*SOURCE INFORMATION*:
◆ ◆ ◆ ◆ ◆ ◆ ◆
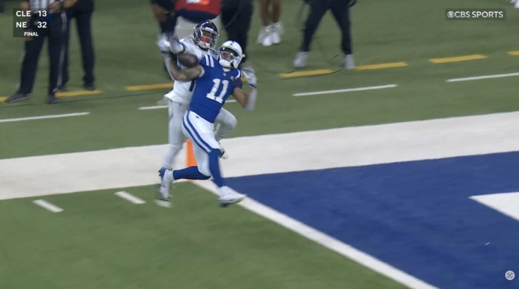 During the second quarter of Sunday’s Titans-Colts game in Indianapolis, Michael Pittman Jr. made a ridiculous touchdown catch with a Titans cornerback draped all over him.
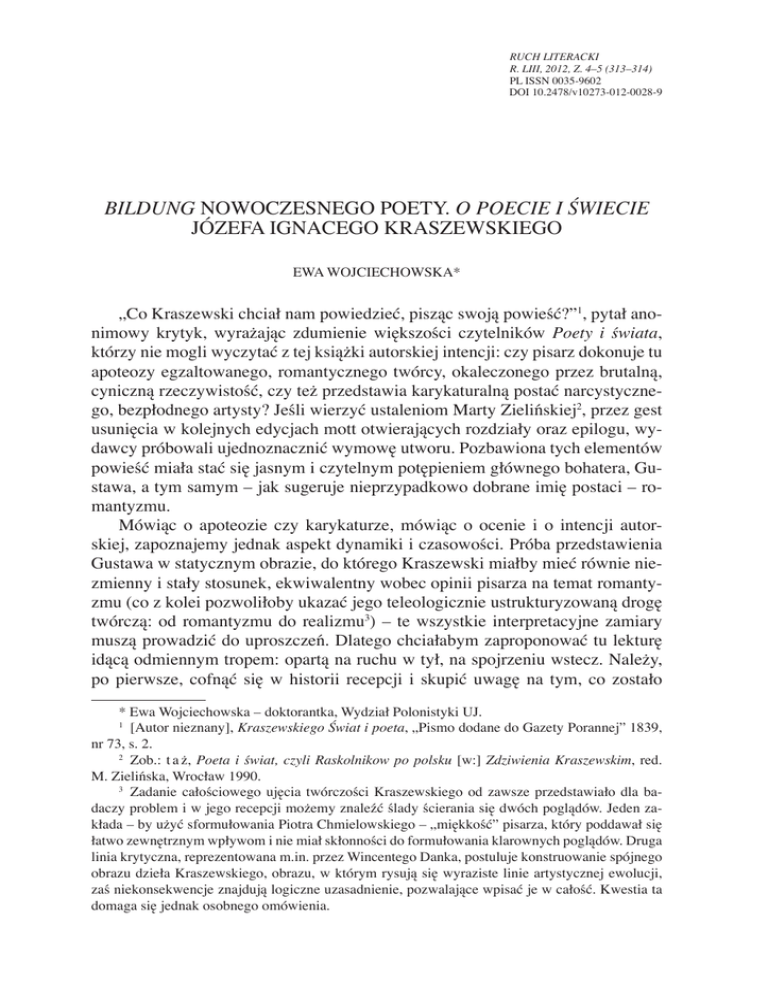 RUCH LITERACKI R. LIII, 2012, Z. 4–5 (313–314) PL ISSN 0035-9602 DOI 10.2478/v10273-012-0028-9 Bildung nowoczesnego poety. O Poecie i świecie Józefa Ignacego Kraszewskiego Ewa Wojciechowska* „Co Kraszewski chciał nam powiedzieć, pisząc swoją powieść?”1, pytał anonimowy krytyk, wyrażając zdumienie większości czytelników Poety i świata, którzy nie mogli wyczytać z tej książki autorskiej intencji: czy pisarz dokonuje tu apoteozy egzaltowanego, romantycznego twórcy, okaleczonego przez brutalną, cyniczną rzeczywistość, czy też przedstawia karykaturalną postać narcystycznego, bezpłodnego artysty? Jeśli wierzyć ustaleniom Marty Zielińskiej2, przez gest usunięcia w kolejnych edycjach mott otwierających rozdziały oraz epilogu, wydawcy próbowali ujednoznacznić wymowę utworu. Pozbawiona tych elementów powieść miała stać się jasnym i czytelnym potępieniem głównego bohatera, Gustawa, a tym samym – jak sugeruje nieprzypadkowo dobrane imię postaci – romantyzmu. Mówiąc o apoteozie czy karykaturze, mówiąc o ocenie i o intencji autorskiej, zapoznajemy jednak aspekt dynamiki i czasowości. Próba przedstawienia Gustawa w statycznym obrazie, do którego Kraszewski miałby mieć równie niezmienny i stały stosunek, ekwiwalentny wobec opinii pisarza na temat romantyzmu (co z kolei pozwoliłoby ukazać jego teleologicznie ustrukturyzowaną drogę twórczą: od romantyzmu do realizmu3) – te wszystkie interpretacyjne zamiary muszą prowadzić do uproszczeń. Dlatego chciałabym zaproponować tu lekturę idącą odmiennym tropem: opartą na ruchu w tył, na spojrzeniu wstecz. Należy, po pierwsze, cofnąć się w historii recepcji i skupić uwagę na tym, co zostało * Ewa Wojciechowska – doktorantka, Wydział Polonistyki UJ. 1 [Autor nieznany], Kraszewskiego Świat i poeta, „Pismo dodane do Gazety Porannej” 1839, nr 73, s. 2. 2 Zob.: t a ż, Poeta i świat, czyli Raskolnikow po polsku [w:] Zdziwienia Kraszewskim, red. M. Zielińska, Wrocław 1990. 3 Zadanie całościowego ujęcia twórczości Kraszewskiego od zawsze przedstawiało dla badaczy problem i w jego recepcji możemy znaleźć ślady ścierania się dwóch poglądów. Jeden zakłada – by użyć sformułowania Piotra Chmielowskiego – „miękkość” pisarza, który poddawał się łatwo zewnętrznym wpływom i nie miał skłonności do formułowania klarownych poglądów. Druga linia krytyczna, reprezentowana m.in. przez Wincentego Danka, postuluje konstruowanie spójnego obrazu dzieła Kraszewskiego, obrazu, w którym rysują się wyraziste linie artystycznej ewolucji, zaś niekonsekwencje znajdują logiczne uzasadnienie, pozwalające wpisać je w całość. Kwestia ta domaga się jednak osobnego omówienia. 434 Ewa Wojciechowska z tekstu usunięte, a następnie na chwilę odejść we wcześniejsze rejony historii literatury – ku Kochanowskiemu, który w mottach to ironicznie, to nostalgicznie komentuje à rebours przygody Gustawa. Tę operację należy także wykonać na samej materii powieściowej narracji: zanim zajmiemy się Gustawem jako romantycznym twórcą, należy spojrzeć na okres jego dzieciństwa. Wrażliwość poetycka cechuje bohatera od zawsze, od momentu narodzin, nawet zanim zostanie ona uświadomiona jako czynnik odróżniający jednostkę od innych. Przydział poetyckiego ducha ma charakter deterministyczny: nie może się pojawić w wyniku wolicjonalnego działania, nie można go sobie wypracować, nie można też samemu się go pozbawić. Jednak relacja między poetyckim zmysłem a wewnętrzną rzeczywistością poety ulega zmianom, i to w obrębie tej relacji dokonuje się kluczowy przełom w procesie samopoznania twórcy. Gustawa poznajemy wśród kwiatów, gdy jako jedyne z bawiących się na łące dzieci potrafi dostrzec piękno przyrody oraz jej metafizyczny wymiar. W tej otwierającej scenie ujawnia się podstawowa zasada kompozycyjna, rządzącą opisem poety, którą jest kontrast. Gustaw już w pierwszym przedstawieniu ukazany jest przez zderzenie jego wrażliwości z wrażliwością otaczających go ludzi, zaś fundamentalna różnica zasadza się na sposobie postrzegania rzeczywistości: poeta odmawia traktowania jej w ujęciu jedynie pragmatycznym. Podczas gdy Marynia plecie z kwiatów wianki dla swoich lalek, a Franuś szusuje na drewnianym koniu z takąż szablą po łące, depcząc rośliny w ferworze zabawy, Gustaw zastanawia się nad pięknem przyrody, a jej kontemplacja odsyła go do pytań o metafizyczny ład świata. Marynia i Franuś próbują zawłaszczać przestrzeń natury i odmawiają jej prawa do autonomii, traktując ją jedynie w paradygmacie użyteczności4. Ciotka Gustawa, reprezentująca świat dorosłych, sankcjonuje perspektywę pragmatyczną, mówiąc: Kwiatek, moje dziecię, nie kocha, dlatego że nie ma duszy, ani myśli, kwiatek jest dla człowieka pokarmem, ozdobą, lekarstwem [5]. Na tym etapie biografii, w dzieciństwie przeżywanym w zaciszu małego dworku szlacheckiego, w bliskim kontakcie z naturą, Gustaw wyczuwa swoją odrębność, ale nie stanowi ona dla niego jeszcze żadnego problemu, nie wpływa na postrzeganie przez niego własnej tożsamości, która pozostaje spójna i niezachwiana. Jak wszyscy poeci Kraszewskiego – odwołajmy się tu do wykładni Ewy Owczarz – Gustaw w okresie młodości nie ma ciała, jedynie duszę5, co wiąże się „Kwiatki nie żyją – powiada Marynia, uzasadniając swoje stanowisko – one są jak moja lalka, Gustawie” (J. I. K r a s z e w s k i, Poeta i świat, Poznań 1839, s. 2). W dalszej części tekstu cytaty lokalizuję bezpośrednio w tekście za tym wydaniem, podając w nawiasie kwadratowym numer strony. 5 E. O w c z a r z, Część pierwsza [w:] t e j ż e, Nieosiągalna całość. Szkice o powieści polskiej XIX wieku. Józef Ignacy Kraszewski – Ludwik Sztyrmer – Henryk Sienkiewicz, Toruń 2009, s. 25. 4 „Bildung” nowoczesnego poety. „O Poecie i 
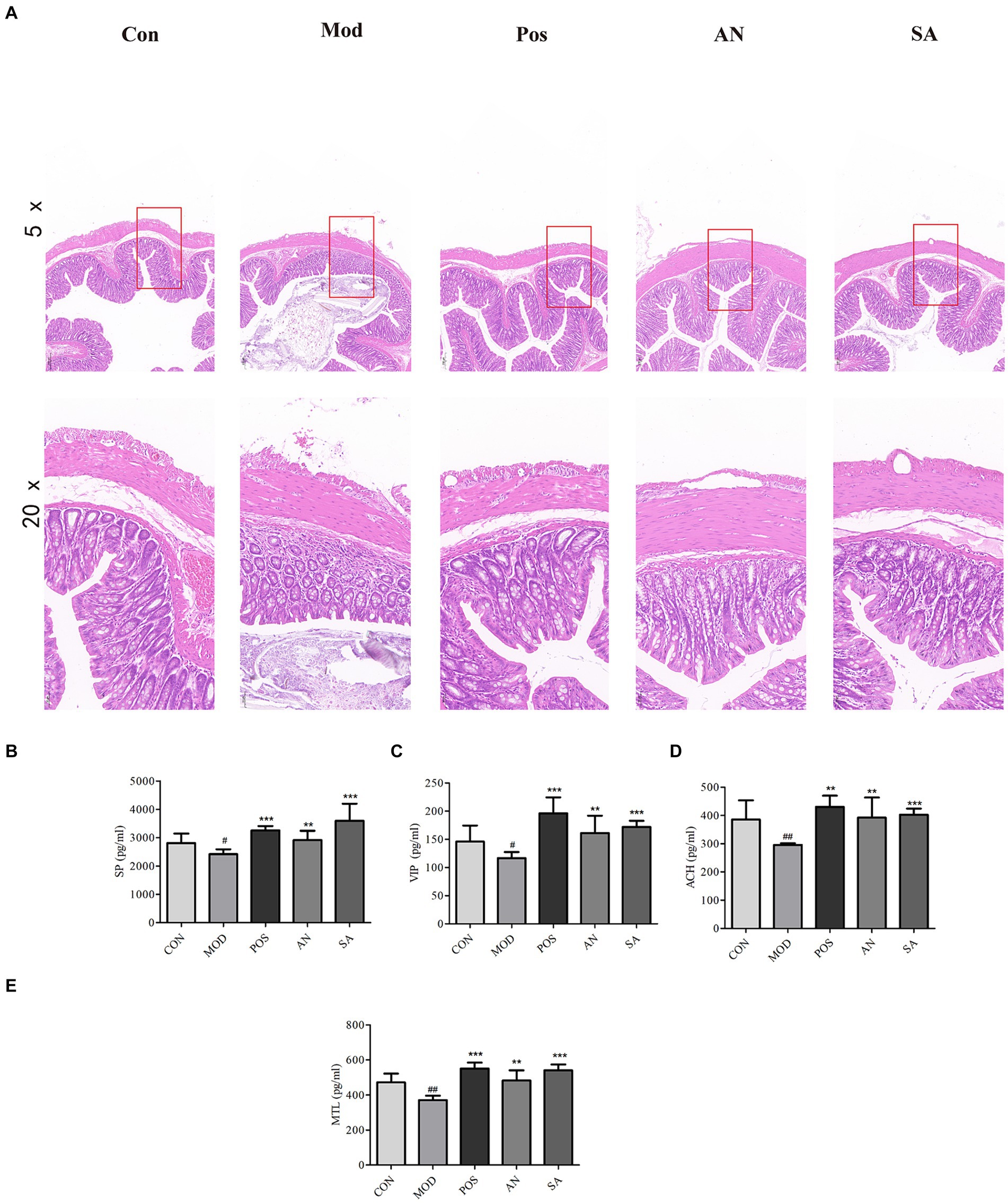 Figure 2. H&E staining of rat’s colon tissues (magnification = 5× and 20×). (A). Levels of substance P (SP) (B), vasoactive intestinal peptide (VIP) (C), acetylcholine (ACh) (D), and motilin (MTL) (E) in rat serum. Data are displayed as mean ± SD. #p < 0.05 and ##p < 0.01 vs. CON group. *p < 0.05, **p < 0.01, and ***p < 0.001 vs. MOD group.
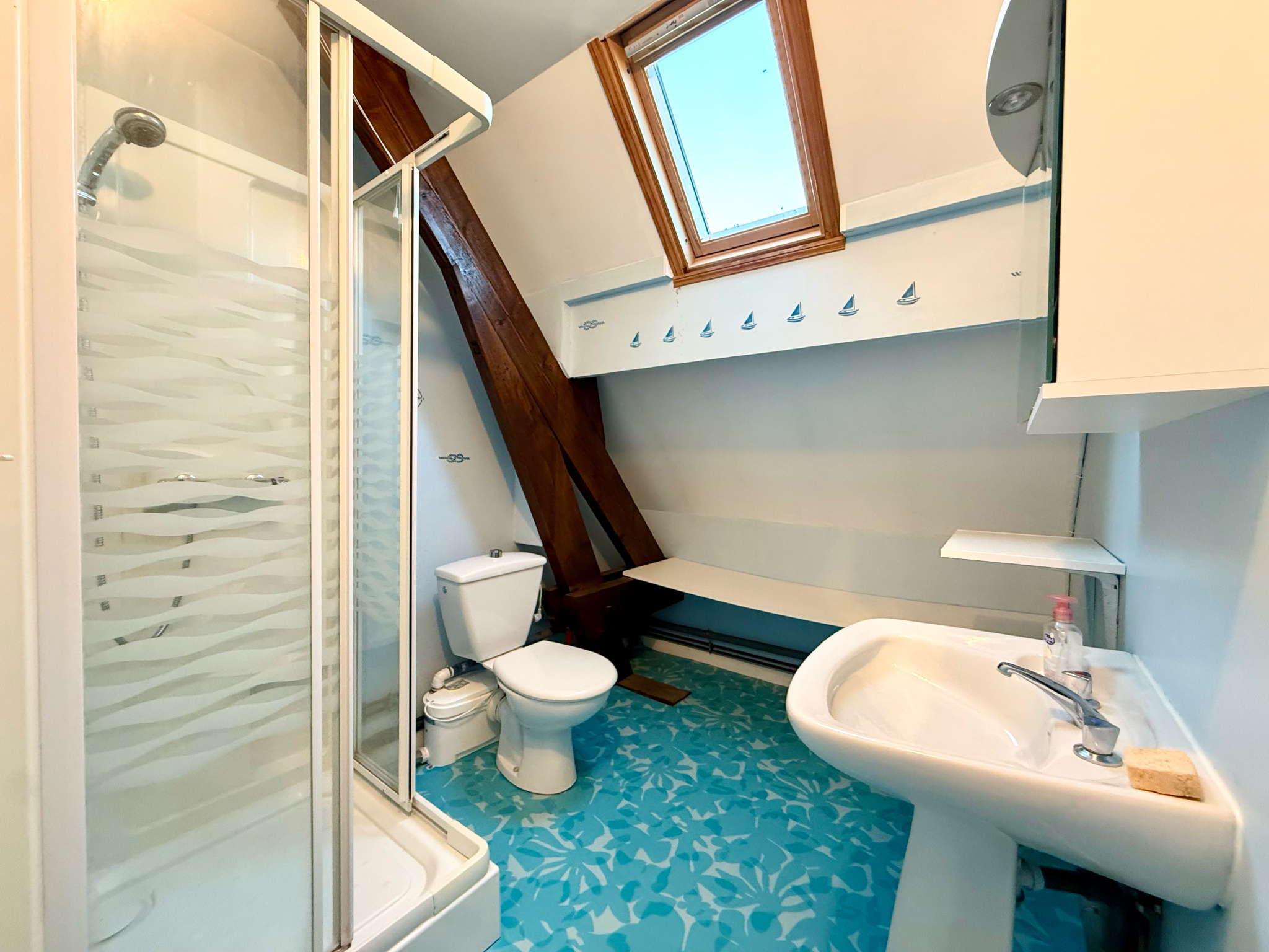 Au deuxième étage : un couloir desservant une salle d'eau avec WC, deux chambres et un grenier
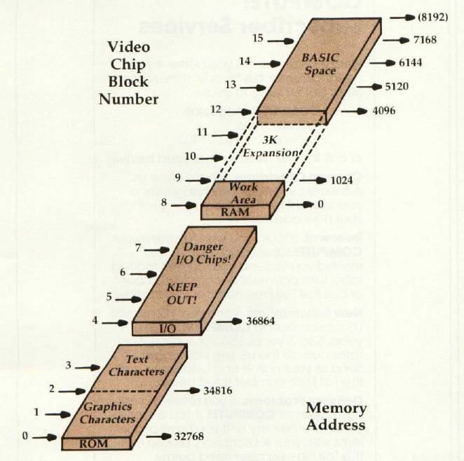 The video chip sees only the memory shown above. Even if you have expanded your computer to include lots of extra RAM above address 8191, the chip can't see it. The chip sees only the character ROM, in blocks 0, 1, 2, and 3; and the lowest 8K of RAM (in blocks 8 to 15). Blocks 4, 5, 6, and 7 would look at the Input/Output area, but take my advice: don't do it – no good will come from these addresses.
◆ ◆ ◆ ◆ ◆ ◆ ◆
*WHAT THIS TASK INVOLVES*:
Your answer must be the lines from the one containing "Au deuxième étage" through the last line of the records, copied exactly, with no pictures.

*EXERCISE ANSWER*:
 Au deuxième étage : un couloir desservant une salle d'eau avec WC, deux chambres et un grenier
 The video chip sees only the memory shown above. Even if you have expanded your computer to include lots of extra RAM above address 8191, the chip can't see it. The chip sees only the character ROM, in blocks 0, 1, 2, and 3; and the lowest 8K of RAM (in blocks 8 to 15). Blocks 4, 5, 6, and 7 would look at the Input/Output area, but take my advice: don't do it – no good will come from these addresses.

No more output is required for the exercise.